U.S. President Joe Biden said on Monday his remark in Warsaw that Russian President Vladimir Putin should be removed from power reflected his own moral outrage, not an administration policy shift.

"I wasn't then nor am I now articulating a policy change. I was expressing moral outrage that I felt, and I make no apologies," he told reporters at the White House, noting that prior to the remark, made in a speech on Saturday, he had visited with families displaced by Russia's invasion of Ukraine.

At the end of the speech in the Polish capital, Biden added an unscripted line, saying that Putin "cannot remain in power." Administration officials rushed to clarify afterward that the White House was not advocating for regime change in Russia.

Biden added on Monday that he was "not walking anything back" by clarifying the remark. Asked whether the remark would spur a negative response from Putin, Biden said, "I don’t care what he thinks. ... He’s going to do what he’s going to do."

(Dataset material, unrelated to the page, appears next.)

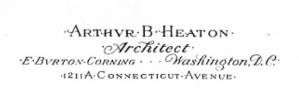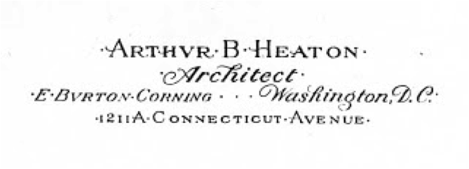 Heaton, a prolific architect and designer with over 1,000 commissions during his career, worked in the DC metropolitan area between 1897 and 1947. His designs include commercial and apartment buildings, private homes, and theaters. Heaton was supervising architect for the Washington Cathedral for between 1908 and 1928, and the Associate Architect for the plan of the George Washington Campus in the 1920s.
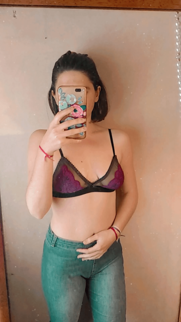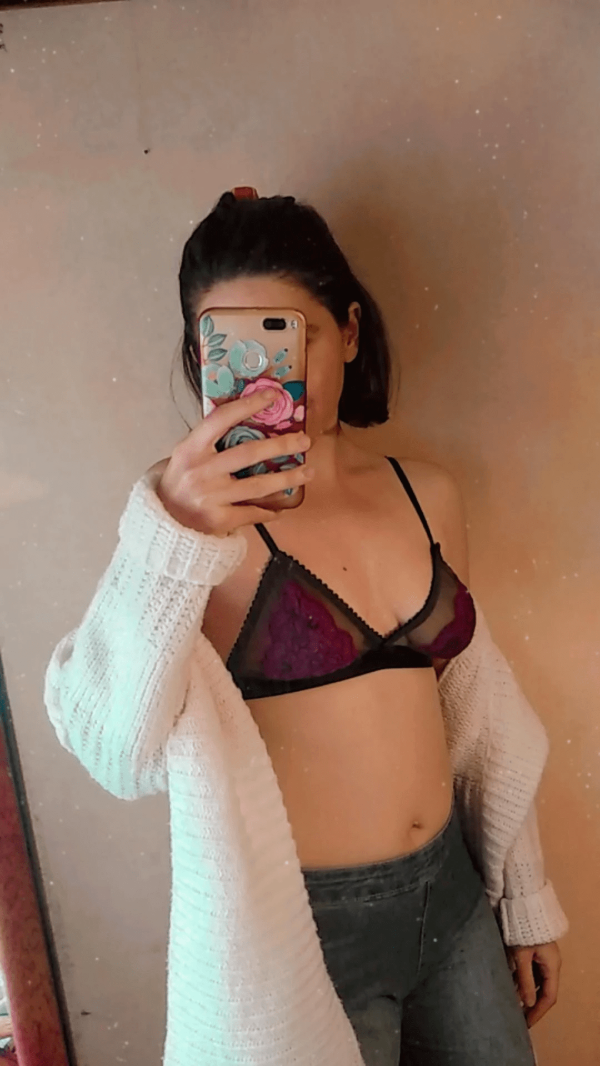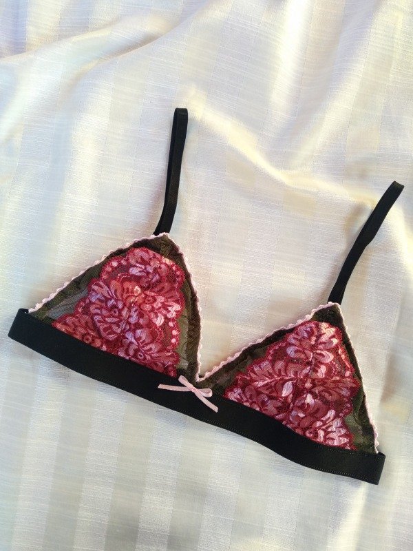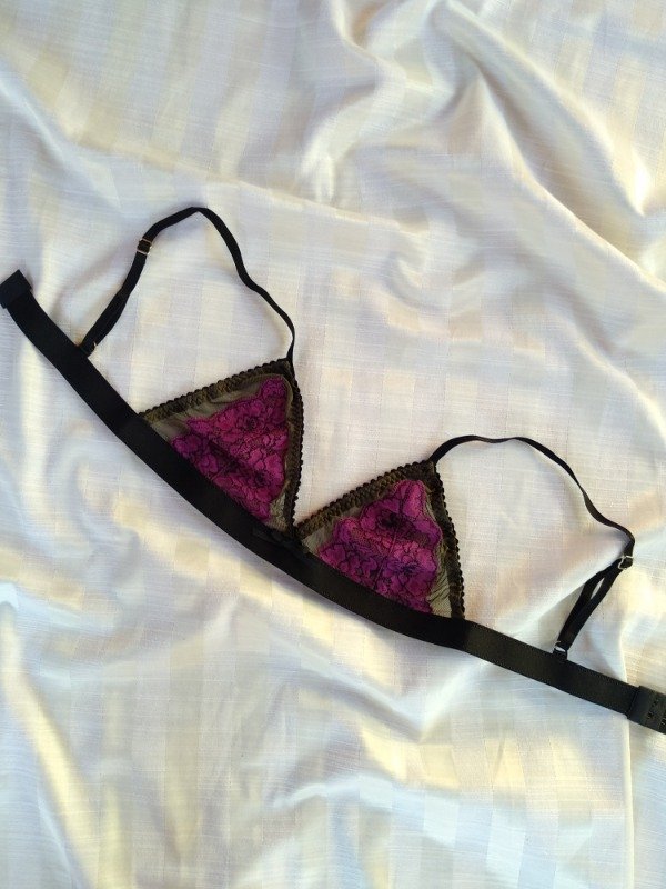 -Bralette de microtul elastizado, super cómodo, con recortes centrales de puntilla.

But Biden once again suggested Putin should not be leading Russia. If Putin "continues on the course that he’s on, he’s going to become a pariah worldwide and who knows what he becomes at home in terms of support," Biden said.

Bar Peleg

Israel will restrict entry of non-Jewish Ukrainian refugees with no relatives in Israel

The state informed Israel's High Court on Monday that it will continue to restrict the entry of Ukrainian refugees who are not eligible for immigration to Israel under the Law of Return and have no relatives in the country.

Israel's quota for Ukrainian refugees who are ineligible for Israeli citizenship and have no relatives in Israel is 5,000 – though the state said it would allow 20 additional refugees in this category to enter per day, even if the quota is exceeded.

In response to a petition filed against the refugee intake outline, the state said that since the war in Ukraine began, a total of 11,000 Ukrainian citizens who aren't eligible for citizenship under the Law of Return have entered Israel. About 4,975 of them also have no Israeli relatives, and thus, they entered the country within the quota of 5,000.

According to the state's response, Interior Minister Ayelet Shaked has said she will continue to allow Ukrainians who have relatives in Israel – but are ineligible for immigration under the Law of Return – to enter the country without restriction.

Anshel Pfeffer

Russia forcing occupied Ukrainians to use its mobile network

Civilians in the Russian-occupied areas of southeast Ukraine are being forced to use Russian SIM cards in their phones so Russia can block the flow of information from the areas it has captured.

Ukrainian civilians who have remained in the towns of Berdyansk and Melitopol on the coast of the Sea of Azov, which have been occupied by the Russian army, have been given Russian SIM cards by the occupying forces with which to communicate, according to a Western intelligence source.

Read the full report here.


UN exploring possibility of humanitarian ceasefire in Ukraine

United Nations Secretary-General Antonio Guterres said on Monday he has directed the world body's aid chief "to explore with the parties involved" the possibility of a humanitarian ceasefire in Ukraine.

Guterres also appealed for an immediate humanitarian ceasefire "to allow for progress in serious political negotiations, aimed at reaching a peace agreement based on the principles of the United Nations Charter."